Two quotes from Zellig Harris's Language and Information, which I keep coming back to when I am trying to figure out the confusions of natural language processing (NLP) and search. Discussing language in general:
But natural language has no external metalanguage. We cannot describe the structure of natural language in some other kind of system, for any system in which we could identify the elements and meanings of a given language would have to have already the same essential structure of words and sentences as the language to be described.
Discussing science sublanguages:
Though the sentences of a sublanguage are a subset of the sentences of, say, English, the grammar of the sublanguage is not a subgrammar of English. The sublanguage has important constraints which are not in the language: the particular word subclasses, and the particular sentence types made by these. And the language has important constraints which are not followed in the sublanguage. Of course, since the sentences of the sublanguage are also sentences of the language, they cannot violate the constraints of the language, but they can avoid the conditions that require those constraints. Such are the likelihood differences among arguments in respect to operators; those likelihoods may be largely or totally disregarded in sublanguages. Such also is the internal structure of phrases, which is irrelevant to their membership in a particular word class of a sublanguage (my emphasis).

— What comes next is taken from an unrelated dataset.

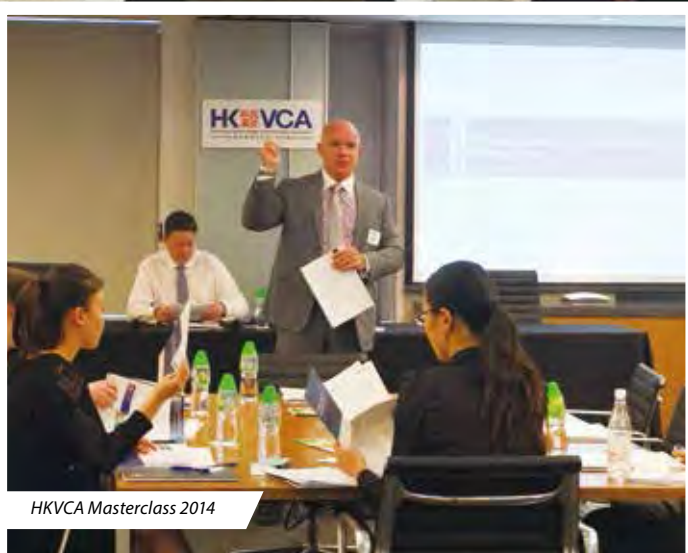
HKVCA Masterclass 2014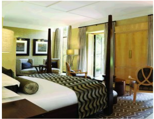
Saxon Executive Luxury Room

Recently, we found clear empirical evidence for this last point, and indirect evidence for the more general point in the failure of several teams to achieve significant domain adaptation from newswire parsing to biochemical abstract parsing.

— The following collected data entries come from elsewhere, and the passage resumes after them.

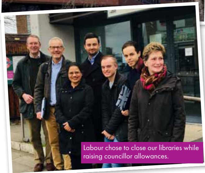
Labour chose to close our libraries while raising councillor allowances.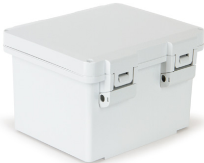
Hinged, Nonmetal Snap Latch (HNL)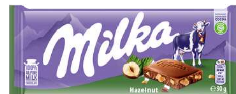
MILKA HAZELNUTS 90G 24/5280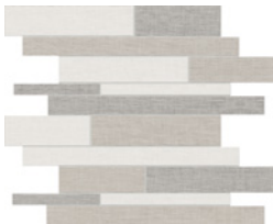
Warm Blend Linear Mosaic

In general, discussions of natural language processing in search fail to distinguish between search in general text material and search in narrow technical domains. Both rule-based and statistical methods perform very differently in the two kinds of search, and the reason is implicit in Harris's analysis of the differences between general language and technical sublanguages: the very different distributional properties of general language and sublanguages.
Harris observed the very different distributions in general language and technical sublanguages. Although he didn't put it this way, the distributions in sublanguages are very sharp, light-tailed. In general language, they are heavy-tailed (Zipf). Both manual lexicon and rule construction methods and most of the machine learning methods applied to text fail to capture the long tail in general text. The paradoxical effect is that "deeper" analysis leads to more errors, because analysis systems are overconfident in their analysis and resulting classifications or rankings.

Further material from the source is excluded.